Returns:TiledRasterLayer

geopyspark.geotrellis.geotiff module

This module contains functions that create RasterLayer from files.

geopyspark.geotrellis.geotiff.get(layer_type, uri, crs=None, max_tile_size=256, num_partitions=None, chunk_size=65536, partition_bytes=1343225856, time_tag='TIFFTAG_DATETIME', time_format='yyyy:MM:dd HH:mm:ss', delimiter=None, s3_client='default')

Creates a RasterLayer from GeoTiffs that are located on the local file system, HDFS, or S3.

Parameters:
  • layer_type (str or LayerType) –

    What the layer type of the geotiffs are. This is represented by either constants within LayerType or by a string.

    Note

    All of the GeoTiffs must have the same saptial type.

  • uri (str or [str]) – The path or list of paths to the desired tile(s)/directory(ies).
  • crs (str or int, optional) – The CRS that the output tiles should be in. If None, then the CRS that the tiles were originally in will be used.
  • max_tile_size (int or None, optional) – The max size of each tile in the resulting Layer. If the size is smaller than the read in tile, then that tile will be broken into smaller sections of the given size. Defaults to DEFAULT_MAX_TILE_SIZE. If None, then the whole tile will be read in.
  • num_partitions (int, optional) –

    The number of partitions Spark will make when the data is repartitioned. If None, then the data will not be repartitioned.

    Note

    If max_tile_size is also specified then this parameter will be ignored.
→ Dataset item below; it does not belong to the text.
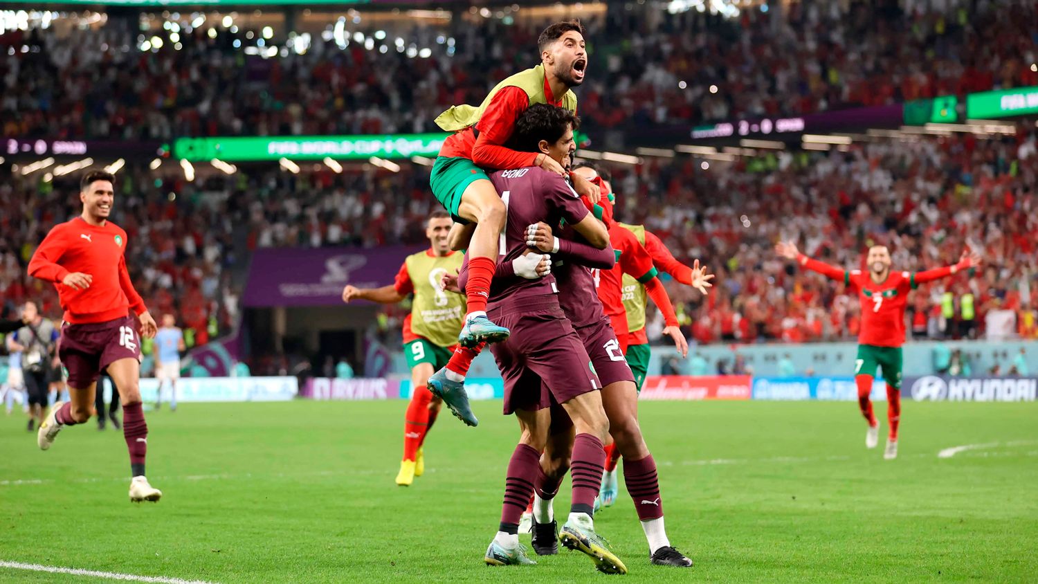El lateral Archaf Hakimi, compañero de Lionel Messi en París Saint-Germain, desató el delirio de más de 15.000 marroquíes enardecidos con una definición pinchada, homenaje al uruguayo Sebastián Abreu en los cuartos de Sudáfrica 2010.

  • partition_bytes (int, optional) – The desired number of bytes per partition. This is will ensure that at least one item is assigned for each partition. Defaults to DEFAULT_PARTITION_BYTES.
  • chunk_size (int, optional) – How many bytes of the file should be read in at a time. Defaults to DEFAULT_CHUNK_SIZE.
  • time_tag (str, optional) – The name of the tiff tag that contains the time stamp for the tile. Defaults to DEFAULT_GEOTIFF_TIME_TAG.
  • time_format (str, optional) – The pattern of the time stamp to be parsed. Defaults to DEFAULT_GEOTIFF_TIME_FORMAT.
  • delimiter (str, optional) –

    The delimiter to use for S3 object listings.

    Note

    This parameter will only be used when reading from S3.

  • s3_client (str, optional) –

    Which S3Cleint to use when reading GeoTiffs from S3. There are currently two options: default and mock. Defaults to DEFAULT_S3_CLIENT.

    Note

    mock should only be used in unit tests and debugging.

Returns:

RasterLayer

geopyspark.geotrellis.hillshade module

geopyspark.geotrellis.hillshade.hillshade(tiled_raster_layer, zfactor_calculator, band=0, azimuth=315.0, altitude=45.0)

Computes Hillshade (shaded relief) from a raster.

The resulting raster will be a shaded relief map (a hill shading) based on the sun altitude, azimuth, and the zfactor. The zfactor is a conversion factor from map units to elevation units.

The hillshade` operation will be carried out in a SQUARE neighborhood with with an extent of 1. The zfactor will be derived from the zfactor_calculator for each Tile in the Layer. The resulting Layer will have a cell_type of INT16 regardless of the input Layer’s cell_type; as well as have a single band, that represents the calculated hillshade.

Returns a raster of ShortConstantNoDataCellType.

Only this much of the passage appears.